10☆異世界の学級会
学級会は、怖い。
議題にあげられ、槍玉にさらされる恐怖。
異世界に来てまで、そんなことを体験するとは、僕は思ってもみなかった。
異世界3日目。
皆は昨日のうちに、支給された訓練着姿。
RPGの初期服みたいなのを来ている。
仲良く、お揃いだ。
いいな~、同じ勇者パーティーの一体感!
訓練無しの僕には、支給されていない。
僕だけ、制服のブレザーで、この世界観に馴染んでない。
酷く、浮いてる。
皆、似合わないコスプレみたいだけど、この会場ではコスプレが主流だ。
似合わなくてもいいから、浮かない服を着たい!
そんな、日本人的な思考をしてしまう。
どこにいても、僕はやっぱり日本人だもの。
昨夜から広めの部屋が、僕達の食堂として解放されてる。
パンとスープだけの食事。
少し、具が入ってる。
固いパンをスープに浸したり、器に残った僅かな具を、パンですくって食べた。
ショボい朝食の後、そのまま話し合いになった。
食事で下がった気分は、さらに下がる。
部屋の外には、護・衛・はいるけど、室内は僕達だけだ。
議題は、生活魔法ってショボいスキルしかない僕について。
《自分では、どうしようもない事を責めるのは、止めよう!》なんて、僕が正論を吐けるハズもなく…。
今日も、代理戦争に突入しそうだ。
切り捨てて保身に走ろうとする先生や、女子、一部男子。
庇ってくれ、皆でまとまって対処しようとする、多数男子。
庇ってくれる人の中には、意地悪2人組や、緋もいる。
《意外と、いいやつだったんだなぁ~》と、クラスメイト達の事を見直した。
「何も知らないまま、知らない所に、1人追い出すのかよ!!」
「薄情だな!」
「自分だけ良ければいいのかよっ!」
上妻の発言に、成田や、手島達も、援護発言してくれる。
向けられた敵意の視線。
怯えてる僕の横に、小出が立ち、背中をそっと支えてくれた。
《ありがたい》
1人でないことが、心底、嬉しい。
「追い出しとかじゃなくて、謁見で決まったみたいに、豊田くんには外で自立を…、って、話しなだけで…」
と、歯切れの悪い言い方を先生がすれば、
「私達が戦闘訓練するみたいに、豊田くんには生活に慣れてもらわないと。

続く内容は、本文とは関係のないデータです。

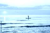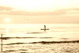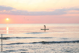 Woman's silhouette on a paddle board (SUP) at a beautiful pink pastel gradient sunset.

こっちに慣れたら、自立が難しくなるじゃない」
緋のいとこで、クラスのヒエラルキー・トップの実宇が発言。
「それぞれに、慣れる必要のある事が違うんだから、やる事も、やる場所も違うってだけで…」
「私達は、豊田くんのためを思って言ってるだけで、薄情とかじゃないし!」
我が意を得たりで、女子の発言が続く。
そ、その、豊田くんは、知らない所で、知らないまま、1人にはなりたくないです…
と、心の中だけで、返答した。
だって、怖いもんっ!
それぞれに言いたい事を言って、平行線をたどる。
お互いに、意見を変えずに、引き下がらない。
先生や女子達の、配慮のない、あからさまな発言が浮き彫りになる。
昨日、感じた違和感が強まる。
男子も、僕も、異・様・な女子達の様子に、困惑する。
今までなら、もう少し、オブラートに包んでいたんじゃないかな…
召喚当初の困惑、混乱から、まだ3日目なのに、戦闘訓練への参加意・欲・とも、とれる発言…
なんとも違和感がある。
こんな人達だったのか!?
戸惑う。
今日から、午前中に戦闘訓練が始まる。
8時から、基礎の体力作り、体術、それぞれに武器の訓練だ。
昼食と昼休み。
午後は15時から、魔法の講義と訓練。
皆は、全員参加だけど、僕は足手まといだからと、参加は認められていない。
魔法の講義くらい、参加したかった。
勇者じゃない、ただの異世界人には厳しいなぁ。
僕だって、招かれて来たのに…
訓練に呼びに来た、騎士や文官によって、学級会は終了に近づく。
緋達の執り成しで、僕がすぐに放り出されるのは、なんとかなった。
午前中に、どうするか考えて、昼食で合流。
昼休みに、緋達も同席してくれて、城側と交渉になった。
緋や上妻達が、
《力不足で、すまんっ!》
って、謝りながら、皆と慌ただしく、訓練に行った。
僕は、
《庇って貰えて嬉しかった。
訓練、頑張ってね。
無理して、ケガしないでね》
って、皆を見送ってから部屋に戻った。